Reputation: 359
Charles Proxy website comments that:
Note that some apps implement SSL certificate pinning which means they specifically validate the root certificate. Because the app is itself verifying the root certificate it will not accept Charles's certificate and will fail the connection. If you have successfully installed the Charles root SSL certificate and can browse SSL websites using SSL Proxying in Safari, but an app fails, then SSL Pinning is probably the issue.
Just to be certain, is it possible to use an HTTP monitor like Charles Proxy (or another monitor) even though a mobile app uses SSL certificate pinning?
Upvotes: 17
Views: 18232
Reputation: 30145
As Steffen said you might need to patch the app to disable certificate pinning. Most mobile apps don't use it though :) Thus you just need to enable SSL connections with self-signed certificate. To allow that with Android application do following. First Download apktool. Then unpack APK file (according to apktool 2.4.1):
java -jar apktool.jar d app.apk
Modify AndroidManifest.xml
by adding this attribute to application
element:
android:networkSecurityConfig="@xml/network_security_config"

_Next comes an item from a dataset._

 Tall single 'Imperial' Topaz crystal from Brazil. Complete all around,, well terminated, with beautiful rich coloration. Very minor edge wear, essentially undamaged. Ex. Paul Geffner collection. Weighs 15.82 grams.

Create file res/xml/network_security_config.xml
with following content:
<?xml version="1.0" encoding="utf-8"?>
<network-security-config>
<base-config>
<trust-anchors>
<certificates src="system" />
<certificates src="user" />
</trust-anchors>
</base-config>
</network-security-config>
Generate keys to sign APK:
keytool -genkey -alias keys -keystore keys -keyalg DSA
Build patched APK:
java -jar apktool.jar b app -o app_patched.apk --use-aapt2
Sign APK file:
jarsigner -verbose -keystore keys app_patched.apk keys
If necessary convert APK to JAR for further analysis: d2j-dex2jar.sh app.apk
.
More information: Network security configuration.
Upvotes: 13
Reputation: 123601
Certificate pinning means that the application explicitly wants to get the original certificate. If you do have the original certificate and the associated private key (which usually means that the you control the server the application is using) then it is possible to be a man in the middle (i.e. HTTP monitor) even for applications using certificate pinning.
Of course your HTTP monitoring application must support specifying a fixed certificate. It looks to me like Charles Proxy does not support this. But mitmproxy supports providing a fixed certificate for specific domains.

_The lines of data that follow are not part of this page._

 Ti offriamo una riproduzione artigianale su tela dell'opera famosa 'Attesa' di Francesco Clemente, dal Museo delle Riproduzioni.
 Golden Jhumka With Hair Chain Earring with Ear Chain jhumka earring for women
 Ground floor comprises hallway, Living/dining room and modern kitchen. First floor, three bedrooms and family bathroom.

If you don't have access to the expected certificate and the matching key then you cannot give the expected certificate to the application. The only hope is then to somehow disable the pinning in the application itself by somehow hacking the code. Use your favorite search engine and search for "bypass pinning android" or similar to get a variety of non-trivial ways how one can try to make the application believe that it got the expected certificate.